> [TASK OBJECTIVE]:
Would you repeat exactly the part of the listing below that runs from the line containing "to hosting you!" down to the line containing "NIGO Louis Vuitton", inclusive, and nothing else?
-- ENTRIES PROVIDED follows --
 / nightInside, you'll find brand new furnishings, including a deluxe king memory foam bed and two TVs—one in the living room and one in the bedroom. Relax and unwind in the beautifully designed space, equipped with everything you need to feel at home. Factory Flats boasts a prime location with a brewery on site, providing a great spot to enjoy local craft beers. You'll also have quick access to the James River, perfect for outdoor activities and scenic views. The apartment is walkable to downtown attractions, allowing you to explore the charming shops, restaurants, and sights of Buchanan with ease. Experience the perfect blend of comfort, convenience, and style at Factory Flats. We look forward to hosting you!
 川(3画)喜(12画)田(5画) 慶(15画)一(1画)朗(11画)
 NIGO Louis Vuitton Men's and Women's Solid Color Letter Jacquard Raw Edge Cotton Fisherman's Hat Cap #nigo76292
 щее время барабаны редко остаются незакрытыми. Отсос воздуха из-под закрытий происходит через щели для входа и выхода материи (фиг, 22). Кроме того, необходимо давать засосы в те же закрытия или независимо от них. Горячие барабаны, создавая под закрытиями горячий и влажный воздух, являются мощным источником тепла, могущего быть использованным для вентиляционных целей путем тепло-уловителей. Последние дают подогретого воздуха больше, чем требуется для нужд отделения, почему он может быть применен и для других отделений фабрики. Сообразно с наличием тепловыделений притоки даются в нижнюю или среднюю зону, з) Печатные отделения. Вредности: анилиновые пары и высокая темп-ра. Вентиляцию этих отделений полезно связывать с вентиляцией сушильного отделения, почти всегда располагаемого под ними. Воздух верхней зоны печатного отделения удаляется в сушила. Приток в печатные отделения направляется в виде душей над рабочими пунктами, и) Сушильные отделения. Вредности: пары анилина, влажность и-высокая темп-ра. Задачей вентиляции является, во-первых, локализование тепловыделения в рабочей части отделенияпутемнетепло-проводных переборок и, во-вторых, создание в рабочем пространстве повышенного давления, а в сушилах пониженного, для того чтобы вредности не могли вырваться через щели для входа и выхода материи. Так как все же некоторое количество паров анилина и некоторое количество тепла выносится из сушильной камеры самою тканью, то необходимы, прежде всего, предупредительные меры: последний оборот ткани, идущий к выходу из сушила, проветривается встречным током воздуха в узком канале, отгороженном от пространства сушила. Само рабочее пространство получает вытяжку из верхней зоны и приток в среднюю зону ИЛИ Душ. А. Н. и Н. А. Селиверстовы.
-- ENTRIES PROVIDED concluded --
-- ENTRIES PROVIDED follows --
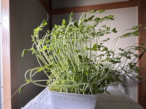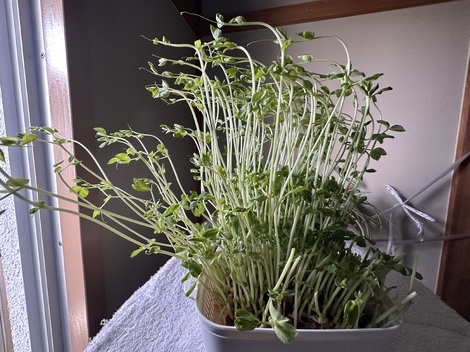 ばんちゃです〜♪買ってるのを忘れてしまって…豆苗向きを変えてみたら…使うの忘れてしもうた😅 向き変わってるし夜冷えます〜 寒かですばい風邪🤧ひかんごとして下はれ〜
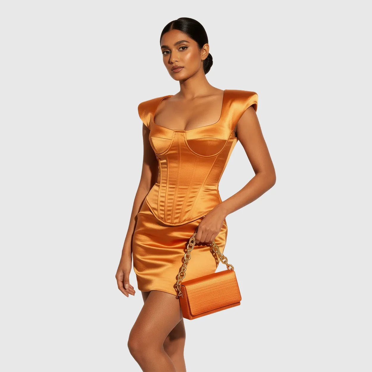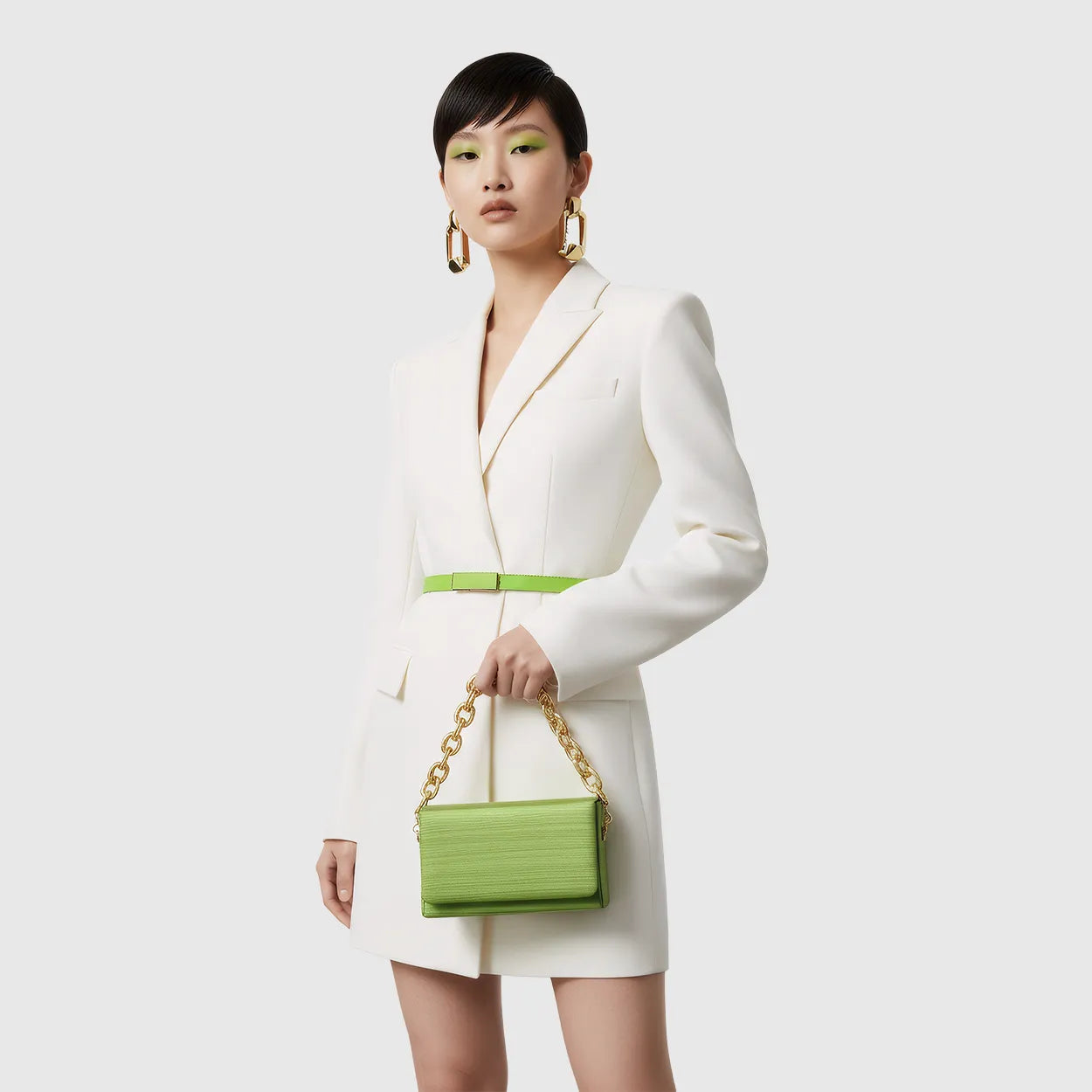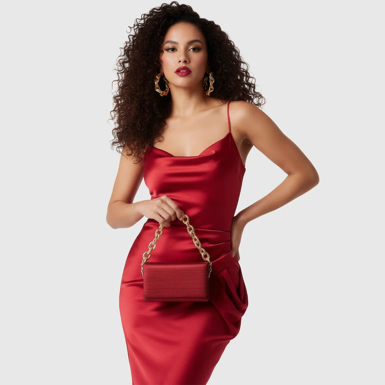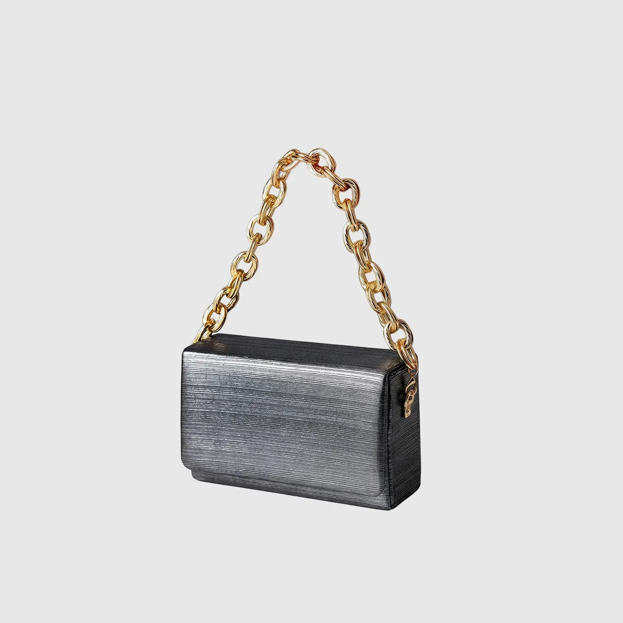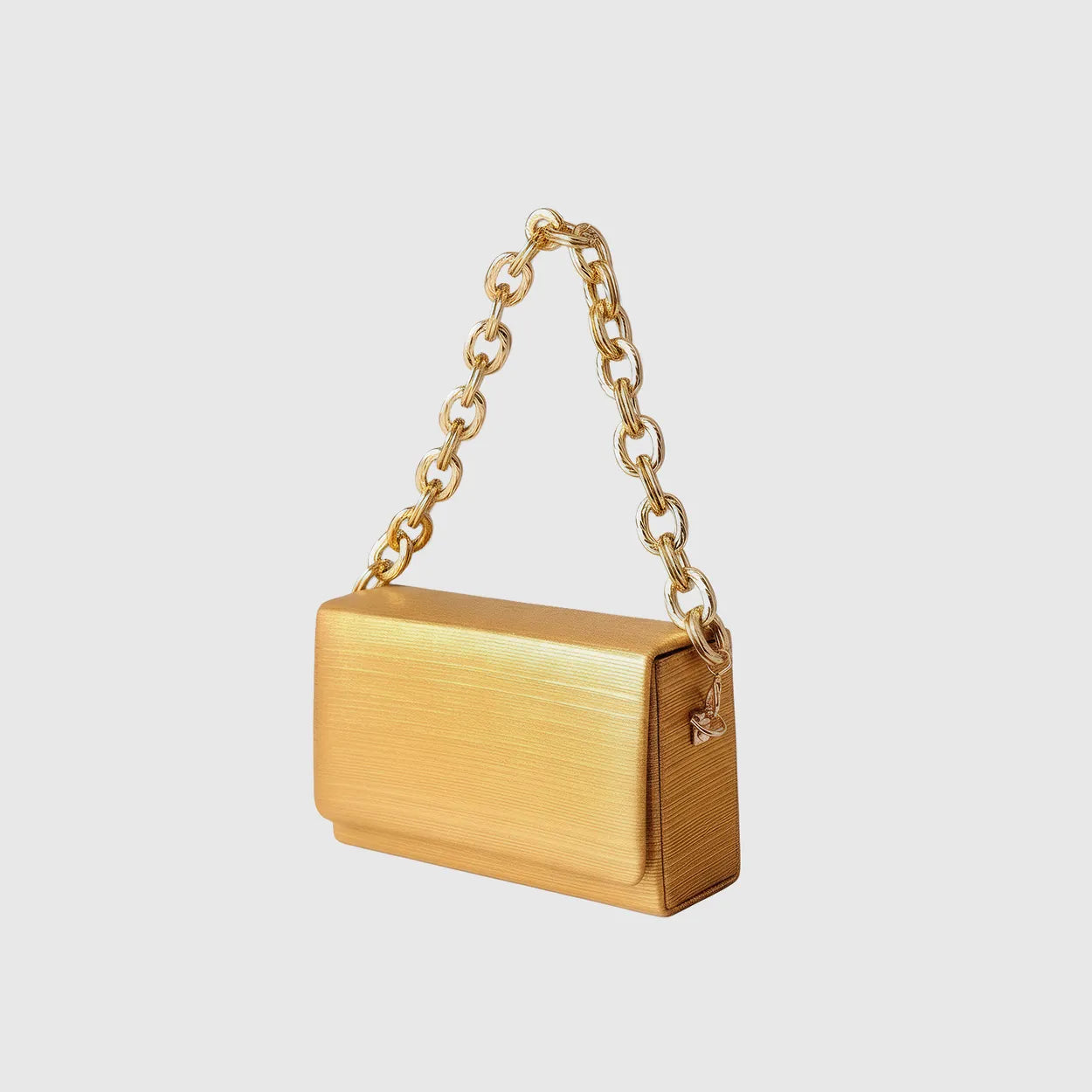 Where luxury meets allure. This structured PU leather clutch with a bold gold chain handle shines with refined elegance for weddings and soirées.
-- ENTRIES PROVIDED concluded --
> [TASK SOLUTION]:
 / nightInside, you'll find brand new furnishings, including a deluxe king memory foam bed and two TVs—one in the living room and one in the bedroom. Relax and unwind in the beautifully designed space, equipped with everything you need to feel at home. Factory Flats boasts a prime location with a brewery on site, providing a great spot to enjoy local craft beers. You'll also have quick access to the James River, perfect for outdoor activities and scenic views. The apartment is walkable to downtown attractions, allowing you to explore the charming shops, restaurants, and sights of Buchanan with ease. Experience the perfect blend of comfort, convenience, and style at Factory Flats. We look forward to hosting you!
 川(3画)喜(12画)田(5画) 慶(15画)一(1画)朗(11画)
 NIGO Louis Vuitton Men's and Women's Solid Color Letter Jacquard Raw Edge Cotton Fisherman's Hat Cap #nigo76292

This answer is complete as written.